By Billy Collins

Traditionally, poets are expected to be familiar with the fauna and flora around them, or at the very least know the difference between the two. Osprey inhabit their high perches up north but not in the abundance I encountered when I moved to Florida. The poem admits my ornithological ignorance but also stresses the urgency of my need to fill in the blank, the bird taking priority over my usual routine. As for its form, the poem is one sentence broken into quatrains and addressed to the osprey itself. But what’s that white one with the long neck stepping slowly across the Publix parking lot?

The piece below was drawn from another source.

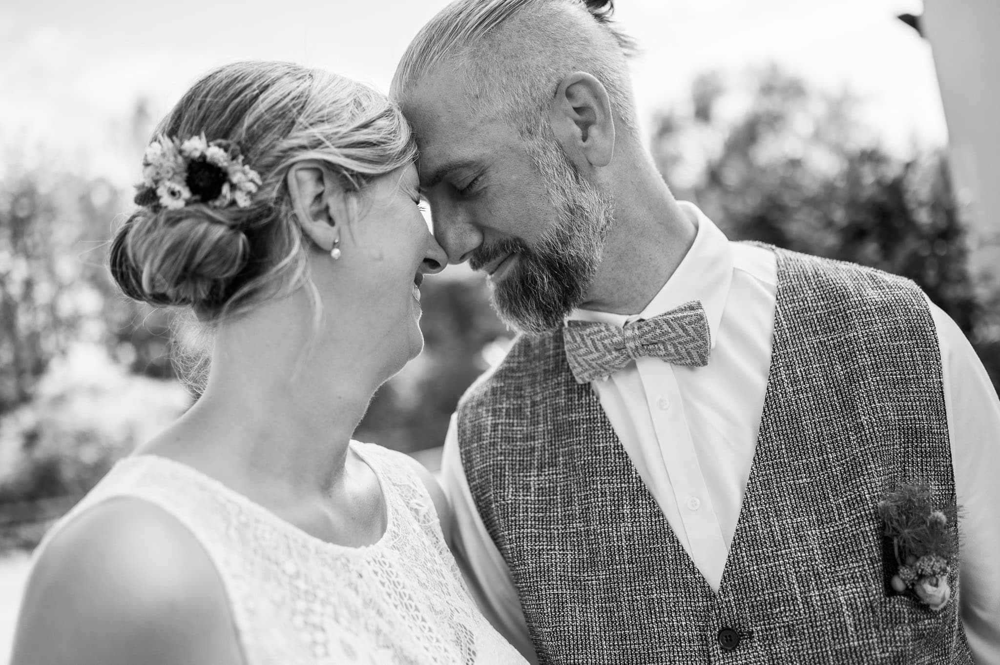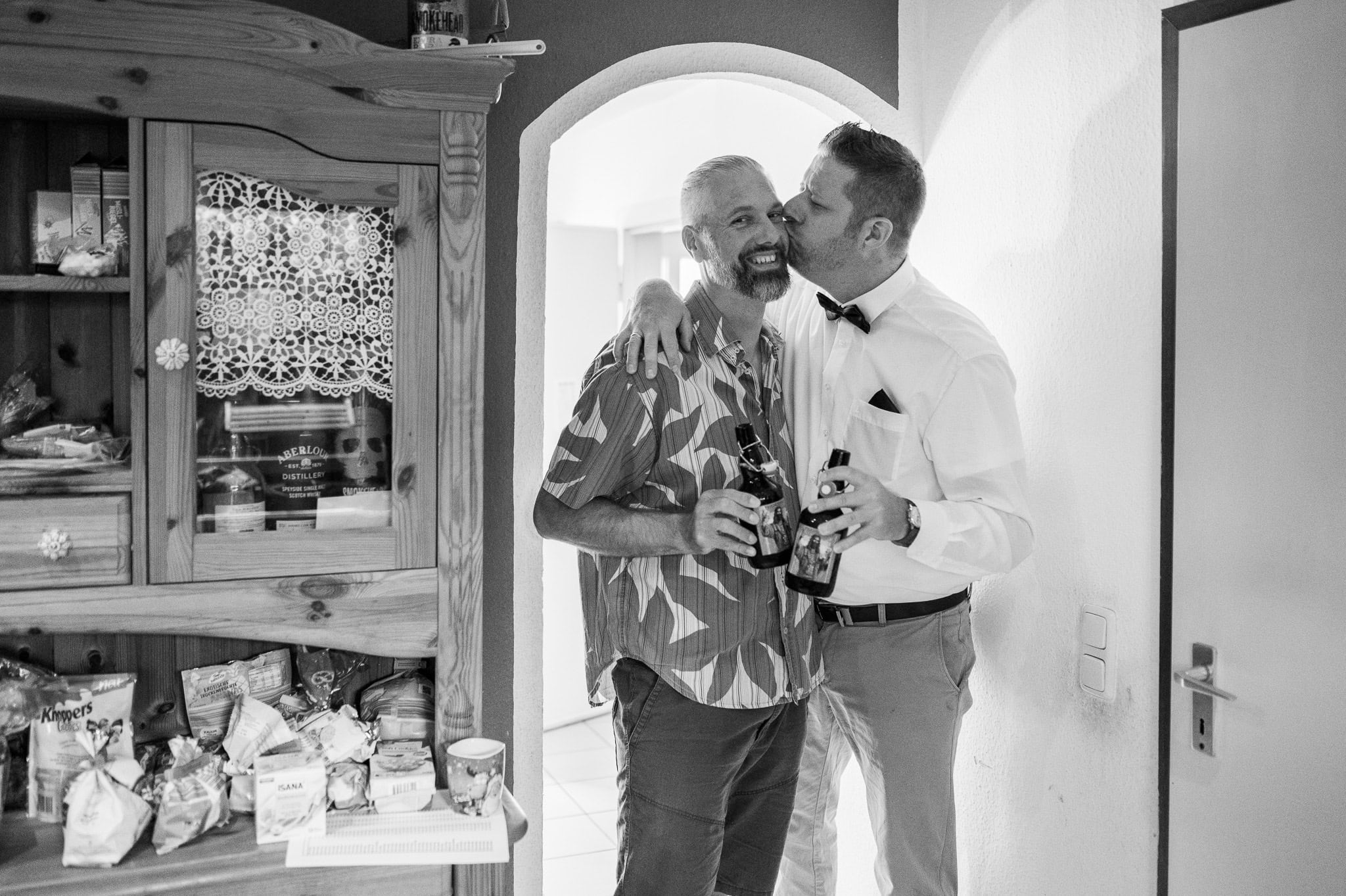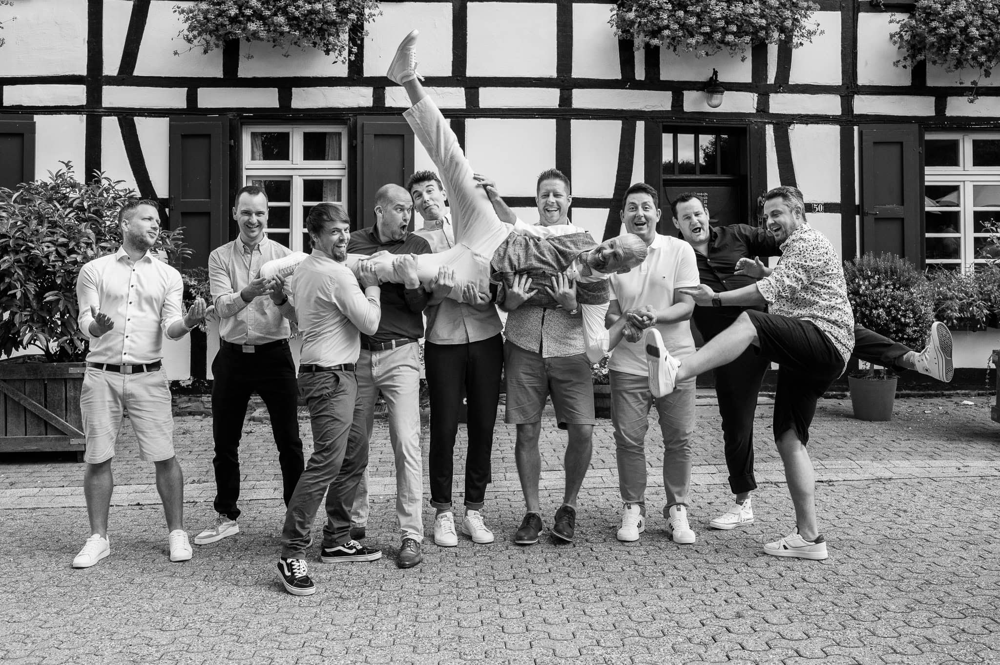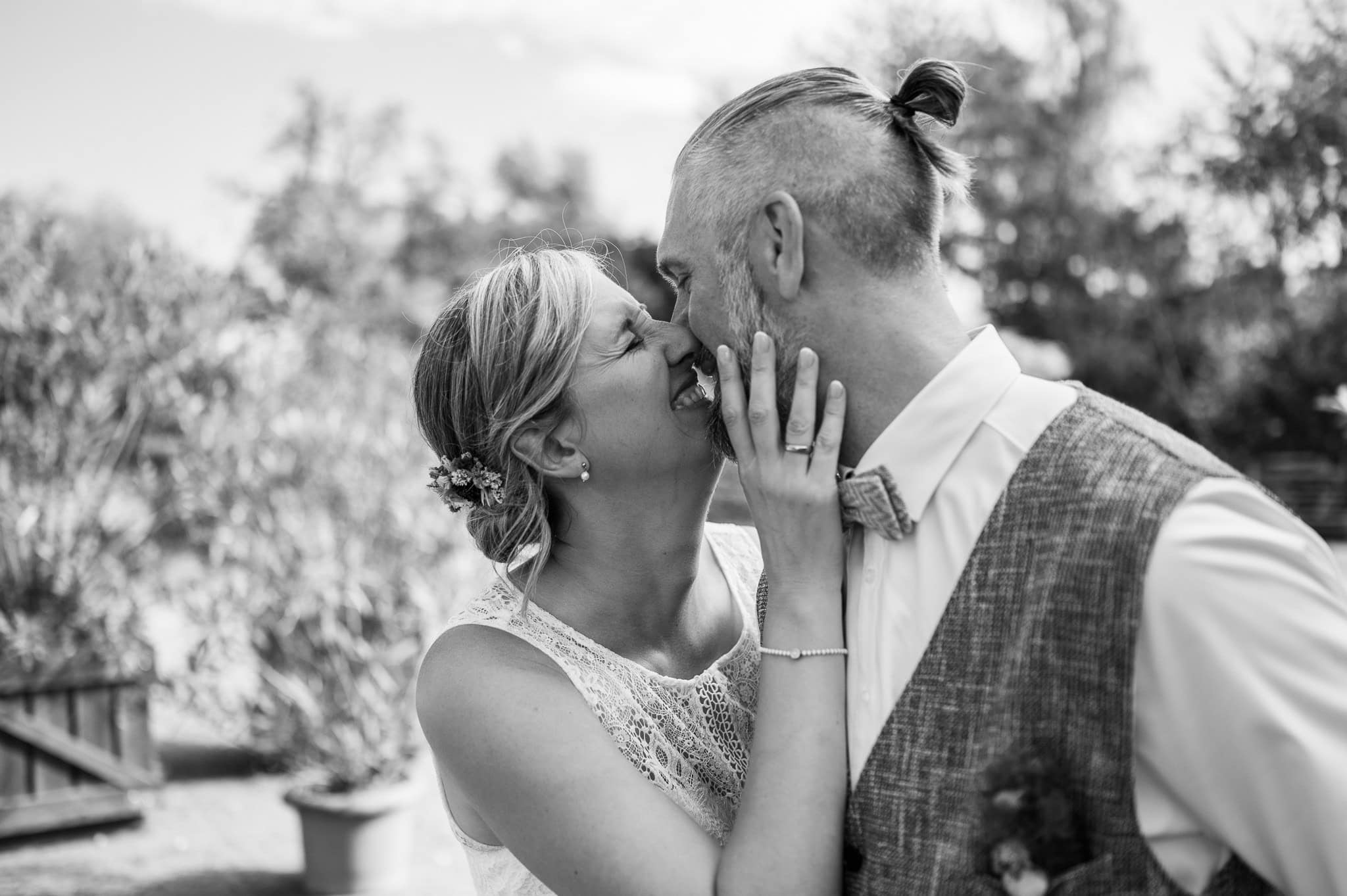 In den meisten Fällen bietet es sich vor Ort an die Hochzeitspaarfotos und Gruppenbilder zu machen. So ein schöner Hof, wie hier bietet oft viele verschieden Fotospots an, die für die Hochzeitsfotos super genutzt werden können. Vor Ort ergeben sich spontane Momente, die eingefangen werden können. Paarfotos entstehen oft natürlich im Ablauf des Tages. Kein Stress, keine langen Wege, kein Zeitdruck.

Oh, large, brown, thickly feathered creature
with a distinctive white head,
you, perched on the top branch
of a tree near the lake shore,

as soon as I guide this boat back to the dock
and walk up the grassy path to the house,
before I unzip my windbreaker
and lift the binoculars from around my neck,

before I wash the gasoline from my hands,
before I tell anyone I’m back,
and before I hang the ignition key on its nail,
or pour myself a drink —

I’m thinking a vodka soda with lemon —
I will look you up in my
illustrated guide to North American birds
and I promise I will learn what you are called.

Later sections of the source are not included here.